Shah Nidhi, Kumaraswami Sangeeta, Mushi Juliet E
Department of Obstetrics & Gynecology, New York Medical College, Westchester Medical Center, 100, Woods Road, Valhalla, New York 10595, USA.
Department of Anesthesiology, New York Medical College, Westchester Medical Center,100,Woods Road, Valhalla, New York 10595,USA.
Case Rep Womens Health. 2019 Sep 5;24:e00140. doi: 10.1016/j.crwh.2019.e00140. eCollection 2019 Oct.
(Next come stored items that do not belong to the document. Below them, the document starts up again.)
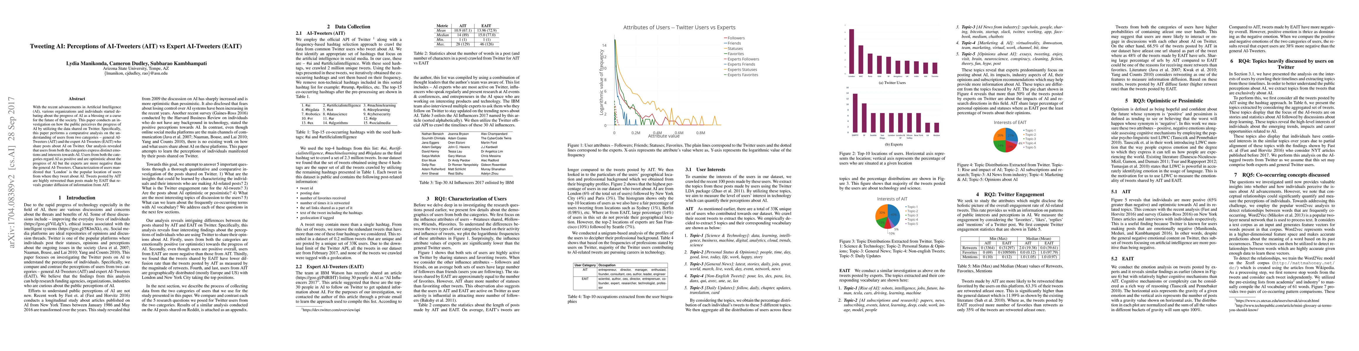 A study on Twitter users' perceptions of AI found that general AI-Tweeters and expert AI-Tweeters hold similar optimistic views, but experts express greater negativity towards AI, with AIT having more retweeted posts.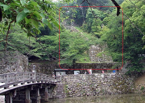 【表門の登り石垣】![]() 写真(上)(右) 赤枠内が登り石垣。斜面を見ると、高さ1mほどの石垣が鐘の丸に向かって伸びているのが分かる。石垣の向かって左側が溝状に窪んでいるのは「竪堀」で、登り石垣とともに斜面を移動する敵の動きを阻止する目的で築かれた。かつてこの石垣の上には、さらに瓦塀が乗っていたようである。 |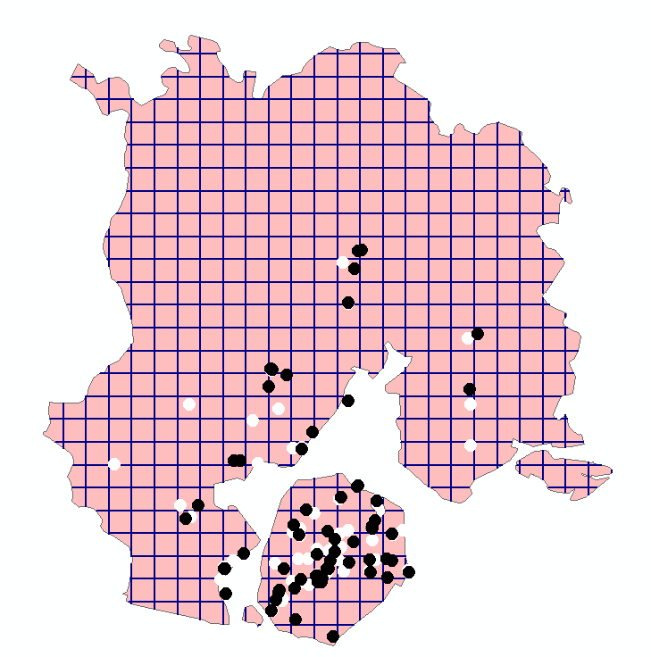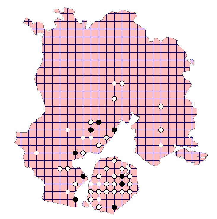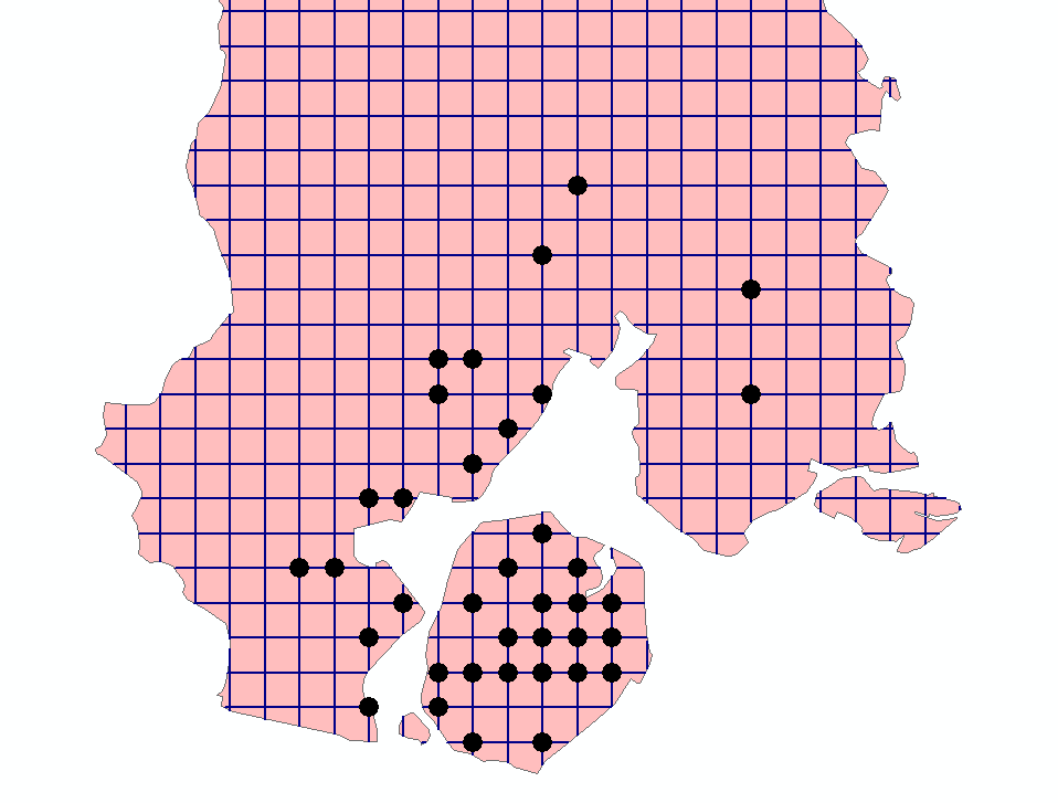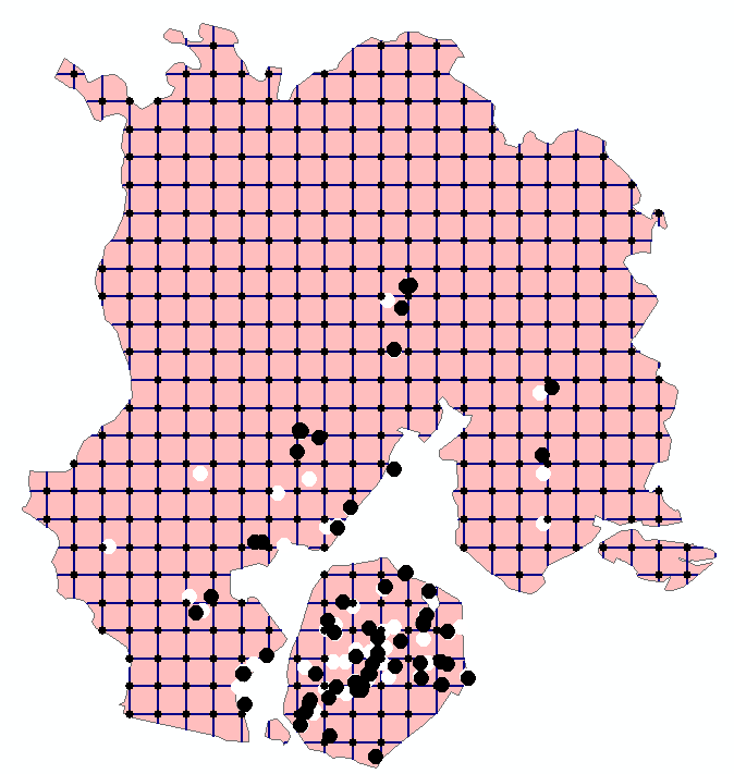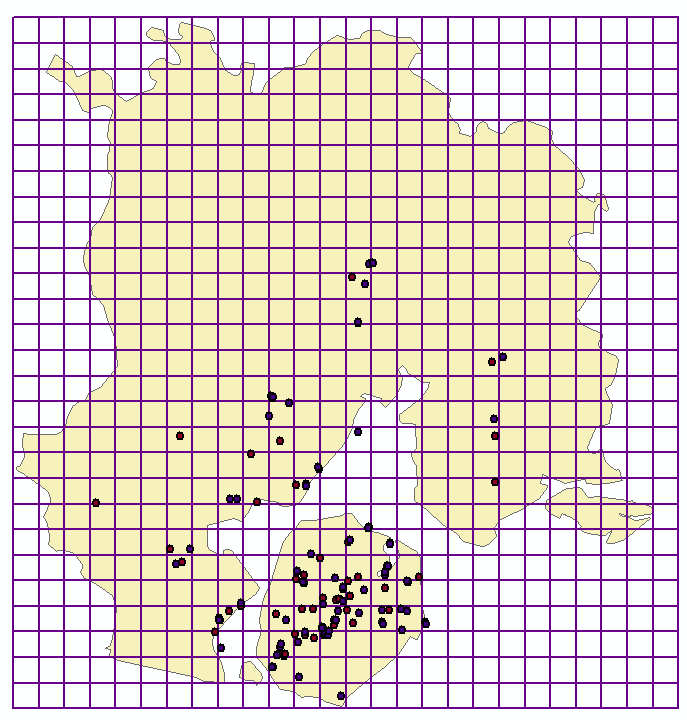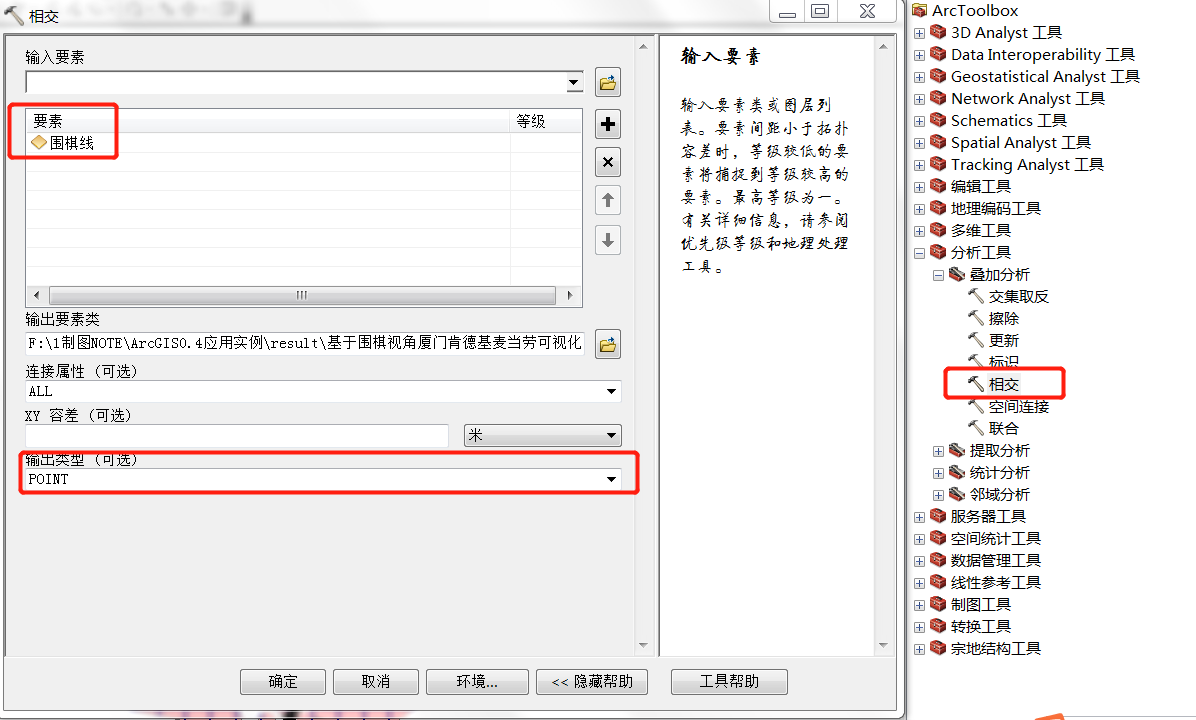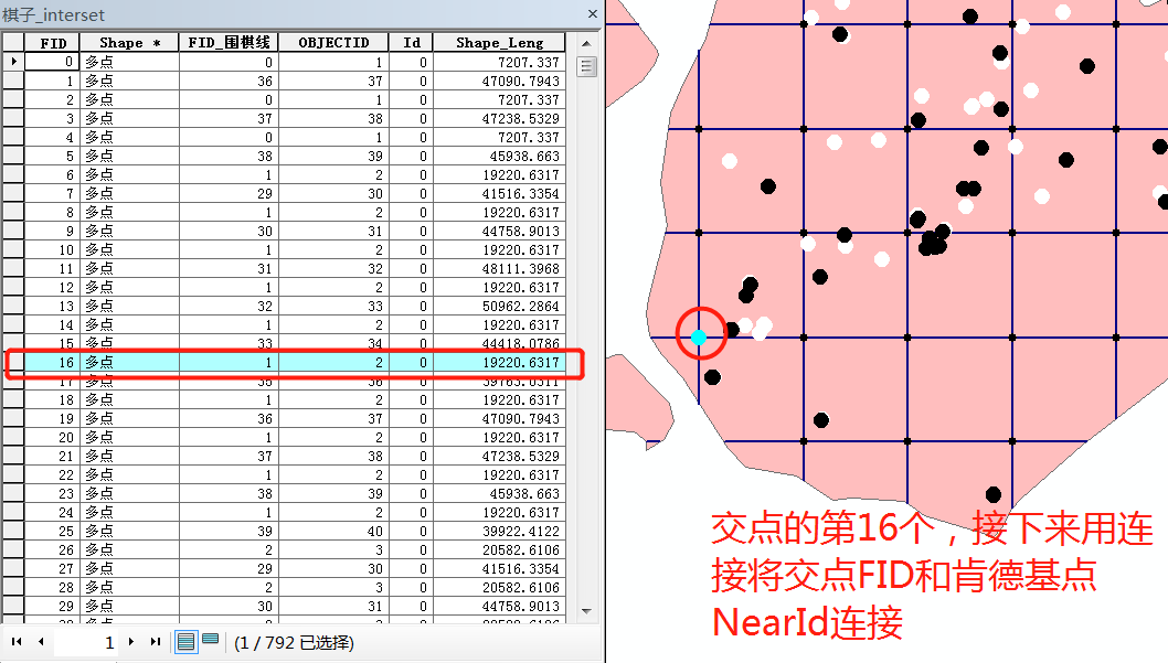 利用【分析工具】|【叠加分析】|【相交】生成渔网线(围棋线)的交点

Epidermolysis bullosa (EB) encompasses a group of diseases characterized by extreme fragility of skin and mucous membranes, resulting in blister formation following minimal injury. There are 4 types of EB, with epidermolysis bullosa simplex (EBS) being the most common. We report our experience with the care of a parturient woman diagnosed with EBS. There is little literature on pregnancy in women with this condition. Special precautions are necessary during diagnostic and therapeutic interventions to avoid bullae formation or exacerbation of existing lesions. Frictional or shearing forces are typically more damaging than compressive forces. Multidisciplinary planning was done for our patient to ensure uneventful labor and delivery. Elective induction of labor was started at 40 weeks of gestation. She eventually underwent a cesarean delivery after failed trial of labor. We present this case to highlight the obstetric and anesthetic implications of caring for a parturient with EBS.
大疱性表皮松解症(EB)是一组以皮肤和黏膜极度脆弱为特征的疾病,轻微损伤后即可形成水疱。EB有4种类型,其中单纯性大疱性表皮松解症(EBS)最为常见。我们报告了对一名诊断为EBS的产妇的护理经验。关于患有这种疾病的女性怀孕的文献很少。在诊断和治疗干预期间,需要采取特殊预防措施以避免水疱形成或现有病变加重。摩擦或剪切力通常比压力更具破坏性。我们为患者进行了多学科规划,以确保分娩顺利。妊娠40周时开始择期引产。试产失败后,她最终接受了剖宫产。我们展示这个病例以突出护理患有EBS的产妇的产科和麻醉方面的问题。